### What the task asks
From the line containing "据悉,江西师范大学体育学院2" to the line containing "a dimmed display." in the records below, set down every line exactly as it stands, both ends included, and skip the pictures.
══ Exercise materials ══
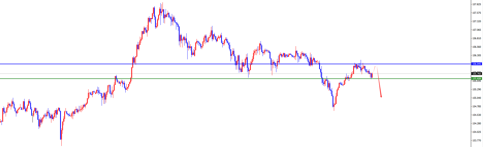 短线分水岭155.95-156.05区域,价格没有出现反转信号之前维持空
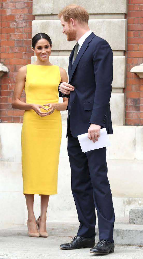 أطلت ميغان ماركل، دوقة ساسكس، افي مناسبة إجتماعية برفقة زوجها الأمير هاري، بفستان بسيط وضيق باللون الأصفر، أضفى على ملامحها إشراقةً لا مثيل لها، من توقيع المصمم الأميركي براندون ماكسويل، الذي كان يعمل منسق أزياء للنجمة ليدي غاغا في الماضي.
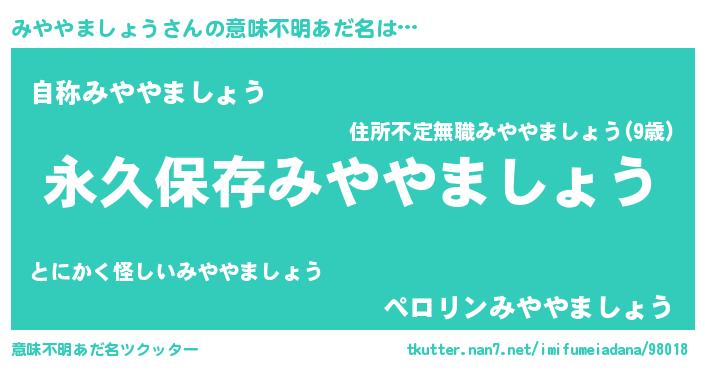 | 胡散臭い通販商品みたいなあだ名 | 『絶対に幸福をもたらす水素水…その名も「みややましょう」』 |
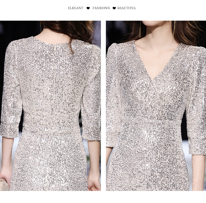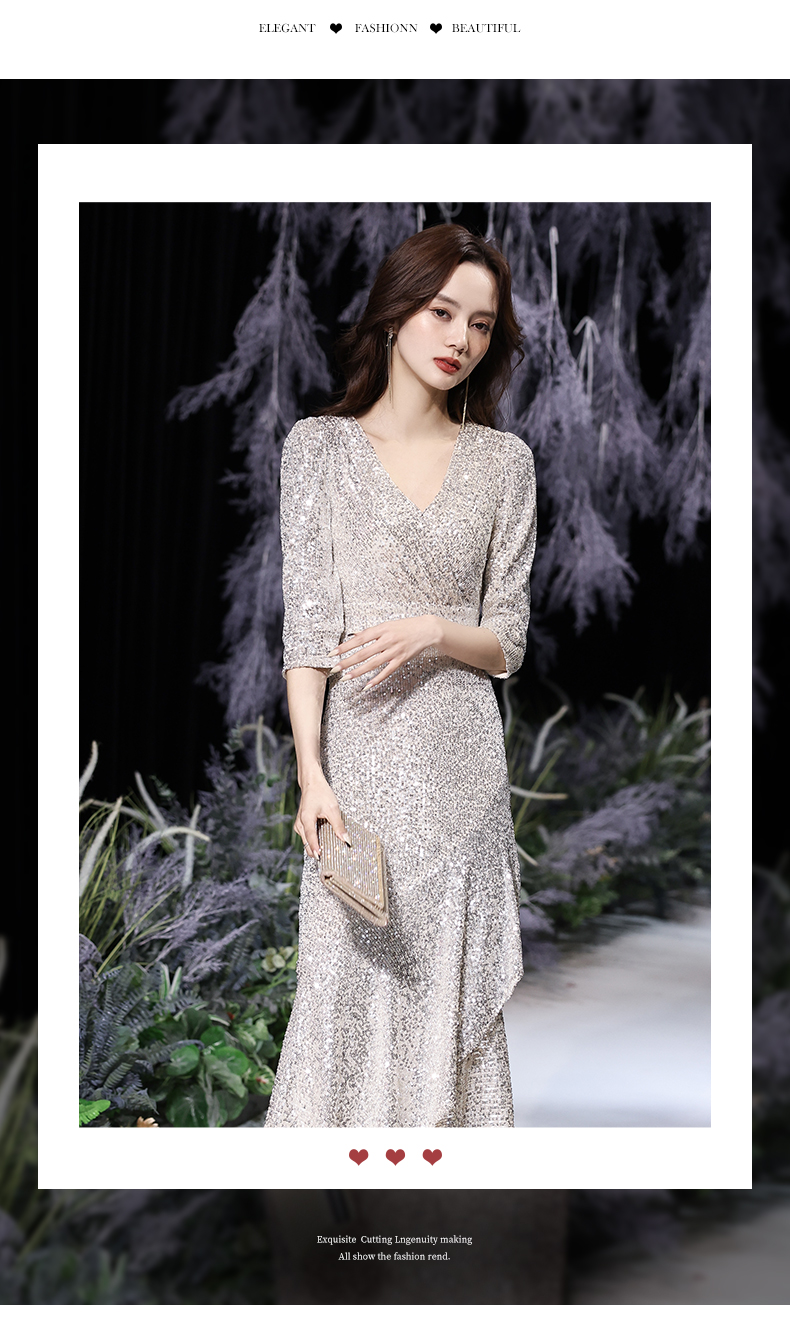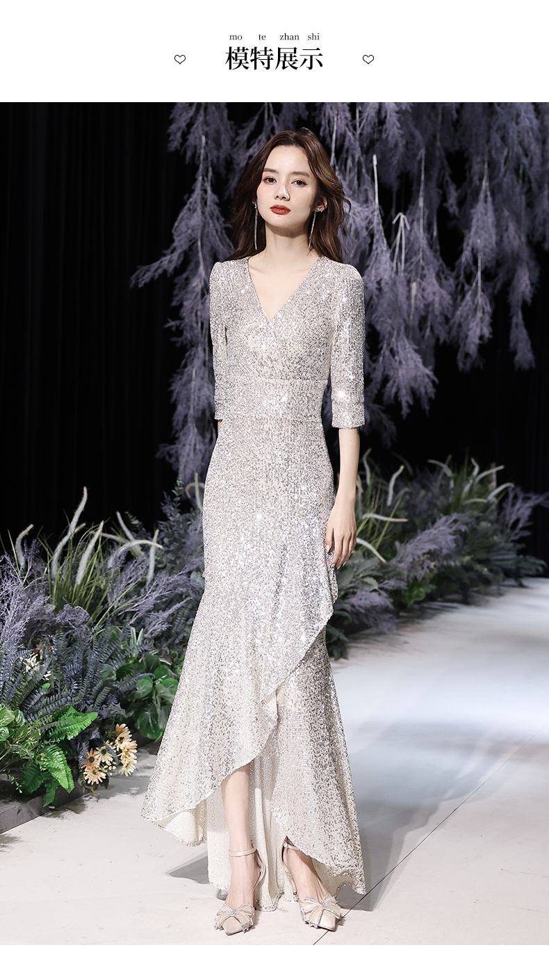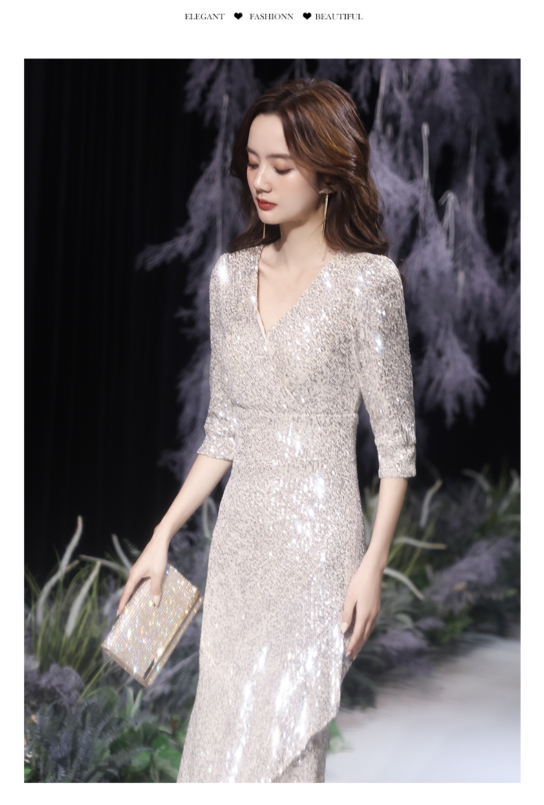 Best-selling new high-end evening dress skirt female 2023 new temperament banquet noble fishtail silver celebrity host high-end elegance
═══
══ Exercise materials ══
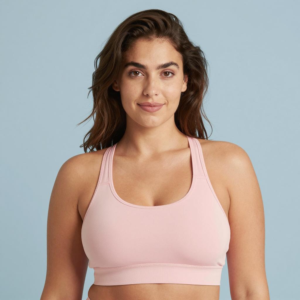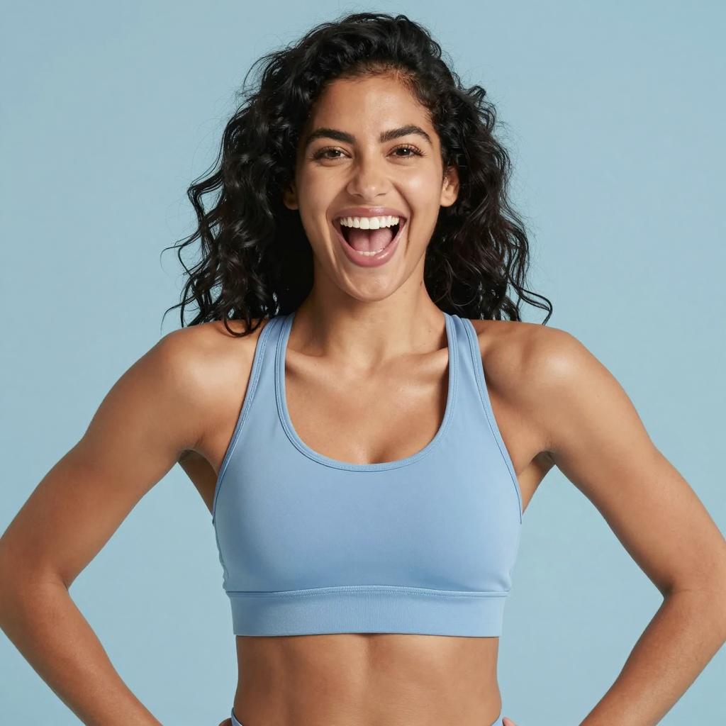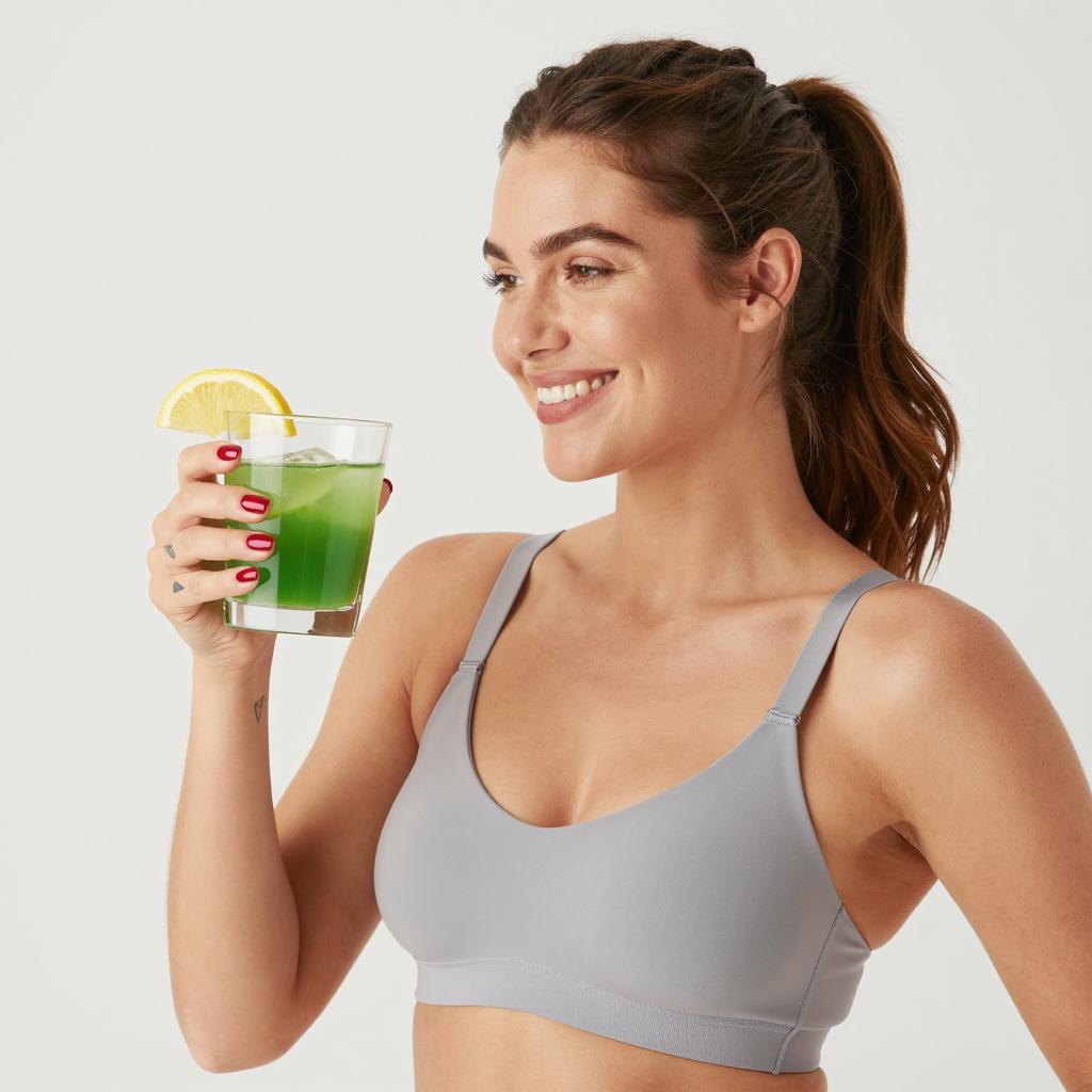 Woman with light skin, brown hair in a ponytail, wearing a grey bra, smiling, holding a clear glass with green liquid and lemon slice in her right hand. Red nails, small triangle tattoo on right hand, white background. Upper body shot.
═══
══ Exercise materials ══
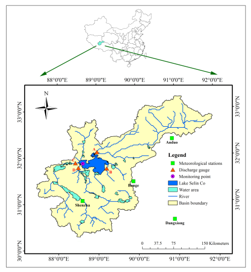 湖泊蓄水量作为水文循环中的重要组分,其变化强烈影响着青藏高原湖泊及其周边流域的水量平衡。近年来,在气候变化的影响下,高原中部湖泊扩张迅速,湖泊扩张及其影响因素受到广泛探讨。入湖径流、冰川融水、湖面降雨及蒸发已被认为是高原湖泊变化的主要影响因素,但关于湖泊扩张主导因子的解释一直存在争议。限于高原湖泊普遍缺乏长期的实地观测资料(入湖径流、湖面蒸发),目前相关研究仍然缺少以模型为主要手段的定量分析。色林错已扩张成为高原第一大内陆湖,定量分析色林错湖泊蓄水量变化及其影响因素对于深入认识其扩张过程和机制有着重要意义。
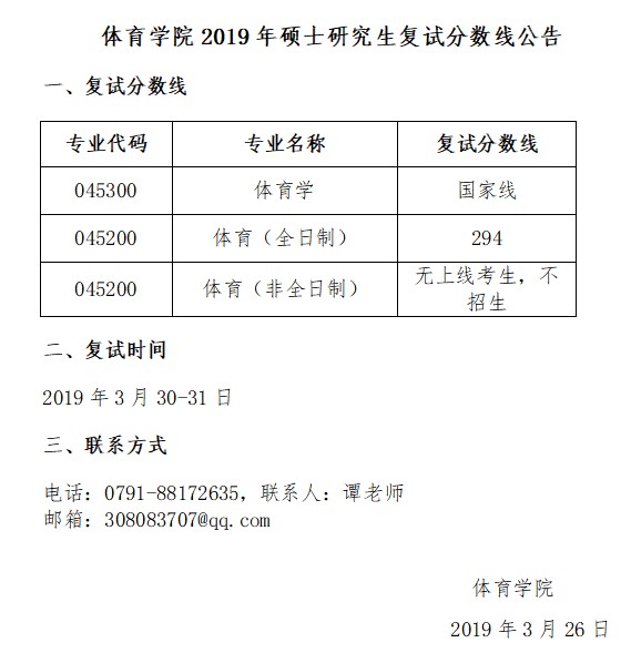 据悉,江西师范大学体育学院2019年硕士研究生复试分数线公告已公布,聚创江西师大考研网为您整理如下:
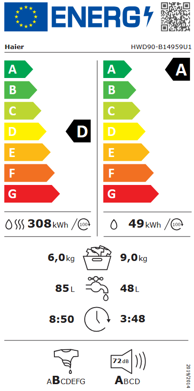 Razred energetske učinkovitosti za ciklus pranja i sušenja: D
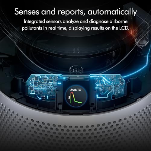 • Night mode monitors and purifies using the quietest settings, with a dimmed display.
═══
### Solution to the exercise
 据悉,江西师范大学体育学院2019年硕士研究生复试分数线公告已公布,聚创江西师大考研网为您整理如下:
 Razred energetske učinkovitosti za ciklus pranja i sušenja: D
 • Night mode monitors and purifies using the quietest settings, with a dimmed display.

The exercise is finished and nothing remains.